Bankruptcy Turnarounds Menaced by Investor Valuation Fights, Lifland Says

Companies trying to rehabilitate themselves through bankruptcy are threatened by valuation fights among late-arriving investors, U.S. Bankruptcy Judge Burton Lifland told lawyers and judges at a conference in New York.

The recent Chapter 11 reorganizations of Calpine Corp. and Citadel Broadcasting Corp. have required judicial intervention in such disputes to help the companies exit bankruptcy, said Lifland, speaking today at the Seventh Annual Complex Financial Restructuring Program at Fordham University School of Law.

“We are troubled, we as judges, by those who use abusive tactics to undermine constructive negotiations,” Lifland said, addressing bankruptcy lawyers and Manhattan bankruptcy judges including Stuart Bernstein, Allan Gropper and Shelley Chapman.

“As evidenced by Calpine and Citadel, success rests on courts’ ability to tamp down on a dispute over valuation,” Lifland said. He said the “here today, gone tomorrow” attitude of investors who trade in a bankrupt company’s debt threatens the U.S. bankruptcy process, once a model emulated by other countries.

Lifland said that in recent years, the power balance in bankruptcy has tipped as the lending market has tightened, making debtors more beholden to creditors for financing.

“There will be a lot more valuation fights than sales,” in upcoming bankruptcies, said Christopher K. Wu, a managing director at distressed investor and adviser Carl Marks Advisory Group LLC, moderating a panel at the same conference today.

Chemtura Versus Shareholders

Chemical and plastic additives maker Chemtura Corp. is in the middle of a Manhattan court battle with shareholders over their claim that the bankrupt chemical maker’s enterprise value is more than its estimate of $2.05 billion.

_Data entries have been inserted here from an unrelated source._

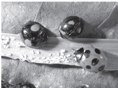
▲一緒に探しに行きましょう

日9月2日(日) 午後1時30分~2時30分 ※午前9時30分から受け付け開始 内様々な種類のテントウムシが大集合 定20人(先着順) ※就学前の子どもは保護者同伴
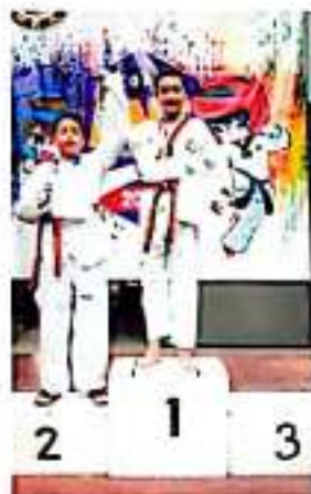
crecimiento de los deportistas de Uruapan y sus alrededores.
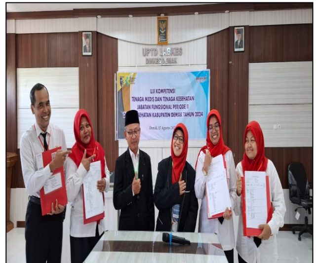
Pelaksanaan Uji Kompetensi SDM
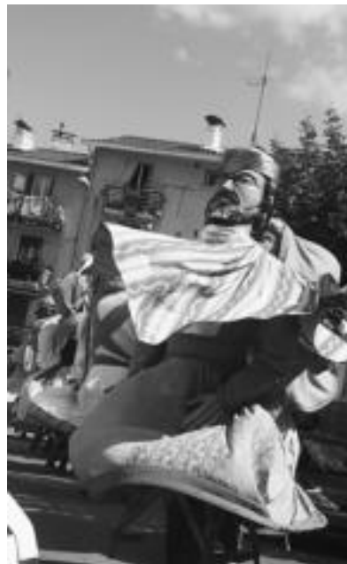
Izaskunen erraldoiak izan ziren atzo; Lizartzan 80 lagun inguru elkartu ziren herri bazkarian. E. EZEIZA
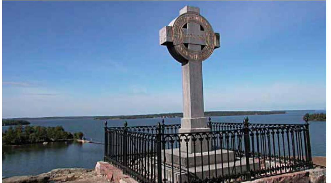
Personal och forskare menar att bristande resurser gör att Birka förfaller och att det behövs politiska beslut för att komma till rätta med problemen.

Kulturminister Amanda Lind kommenterade ärendet den 7 juli till SVT med följande uttalande: ”Det finns idag inga planer på att ändra ansvarsförhållandena mellan myndigheterna. Med det sagt är alla våra världsarv värdefulla och ska skyddas och vårdas för framtiden. Regeringen har därför gett Riksantikvarieämbetet i uppdrag att utarbeta en nationell världsarvsstrategi som ska ge en samlad beskrivning av hur Sverige arbetar med Unescos världsarvskonvention och hur arbetet ska inriktas framöver. Arbetet med detta uppdrag pågår vid myndigheten och det arbetet kommer jag att följa.”

The committee of shareholders, represented by law firm Skadden, Arps, Slate, Meagher & Flom LLP, could possibly boost their recovery if they show at the trial that Chemtura is worth more than its own estimate under its proposed Chapter 11 plan.

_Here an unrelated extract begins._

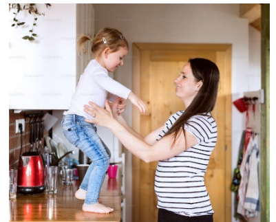
Cuidadora ayudando a una niña a saltar
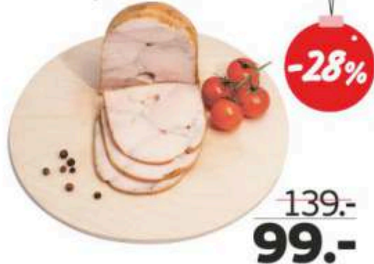
Деликатес куриный «Бужарские деликатесы», копчено-вареный, 400 г

Such trials can prolong a company’s time in bankruptcy and also add to the expense of its reorganization.

“Skadden has made no secret that they have 100 lawyers working on challenging our valuation,” Natasha Labovitz, a lawyer for Chemtura with Kirkland & Ellis LLP, told U.S. Bankruptcy Judge Robert Gerber at a Sept. 16 hearing that kicked off the trial.

Innovative Resolution

Calpine, the biggest producer of power from natural gas and geothermal energy, exited bankruptcy in January 2008. Lifland said his appointment of a valuation expert, the now-deceased chief executive of Bridge Associates LLC, Anthony Schnelling, was an innovative way to resolve arguments that the company had vastly disparate values. According to court documents filed in the case, proposed values for the company ranged from $16.25 billion to $23.2 billion.

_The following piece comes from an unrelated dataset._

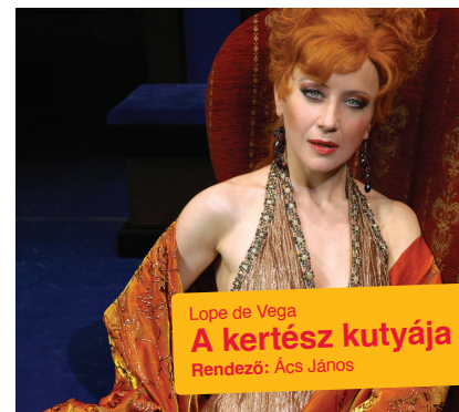
Lope de Vega A kertész kutyája Rendező: Ács János
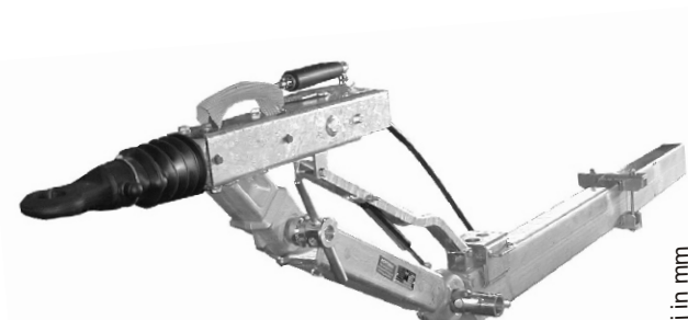
Alegerea lungimii barei KHA freitragende Deichsellaenge KHA

“To prevent the hijacking of confirmation, I did something without precedent,” Lifland said.

In the case of Citadel, one of the largest radio broadcasters in the U.S., Lifland said investors who bought into the company just weeks before it was supposed to exit bankruptcy came in with ill-informed valuation experts. His solution: “To prevent the case from spiraling into a charade, I fast-tracked confirmation.”

Hedge funds and other investors who trade in a company’s debt throughout its bankruptcy serve a purpose other than profiting for themselves, said lawyer Michael Friedman, partner in the bankruptcy group at Richards Kibbe & Orbe LLP, speaking in a phone interview.

“A valuation fight may disrupt a train toward confirmation of a plan, but that plan could unfairly contain a windfall to some of the more senior classes at the expense of the junior classes,” Friedman said.

Lifland said that while investors have a legal right to intervene in a case, “their motives for doing so can’t always be squared with the overall objectives of Chapter 11.”